Global memory "bitfield" technique

My main question is if it is possible to create bit-field in global memory.

Now I know for various reasons Khronos group rejected bit-fields, so only way is to “emulate” them with bigger data types. The most suitable is probably byte (uchar), so I would use byte-field as storage, but treat it as bit-field with some bitwise magic.

The problem is how to access that data storage correctly. Because there’s no synchronization at global level, I can’t read & write to same buffer in single kernel run… it could mess the data (At least I think… I may read the value and right away other item would write there, making my recently read item “expired”). So reading the byte, writing at desired bit and writing byte back could result in error.

I can come up with only one solution - to write only that one bit and leave others untouched, but I don’t think that’s possible in current hardware.

Of course one can simply use bytes as bits, but with small memory sizes and even more limited buffer sizes, their number may be insufficient.

Any suggestions? I would also appreciate if someone has different idea how to pack results that consist only of “true” and “false”.
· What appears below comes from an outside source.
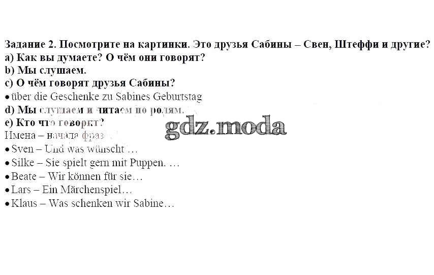 ГДЗ решение к заданию № 2 Немецкий язык 3 класс Бим И.Л. Просвещение 2014 Часть 1, Часть 2 ФГОС бесплатно на гдз.мода!

Yeah I had the same problem, I think it depends on the problem that you’d like to solve.
I wrote a program which used Schönhage’s algorithm to calculate the factorial of a number
in the fastest way. Using the long16 number and tricking with bits was a nice for this problem, but
I don’t think that would fit your problem because mine wasn’t so good at “parallelizing” so I could wirte my own “bitfield”.
As you said working bad with the data can cause inconsistency, so it’s really hard to use bitfield technique.

I agree. If it would be in scenario where each run index map to one bit in such way that { idx0 -> bit0, idx1 -> bit1 } I could use what I’ve already done… Specify local workgroup size as multiple of 8 (which is needed for performance reasons anyway with sizes multiples of 32), and appoint first processor of that octet to build whole byte from bits and save the result into memory.

However, now I need something that would work with random access too. Starting with elements initialized to false, only requirement is that when a bit is set to true, it won’t change it’s value again.

I think without global synchronization (which would be anyway unsuitable… just imagine the access pattern) or more grained access to level of bits this is impossible, but maybe people with more experience bypassed this with other solution… other than changing data-structure ofc.

At last I have found solution to this: … ic_or.html

I had in memory that I read about usefulness of atomics while operating with global memory, but haven’t investigated this possibility until now.

global atomics are really slow on some hardware, and even if they weren’t - if you’re doing a lot of them it can still be a real bottleneck.

It might be faster to write to the smallest atomic write size (which might not be byte, although you could always use a byte image), and then have a subsequent pass which compresses it back to bits - and store them at least using 32-bit ints.

Or if the data is really sparse, create an edit list which is executed sequentially afterwards.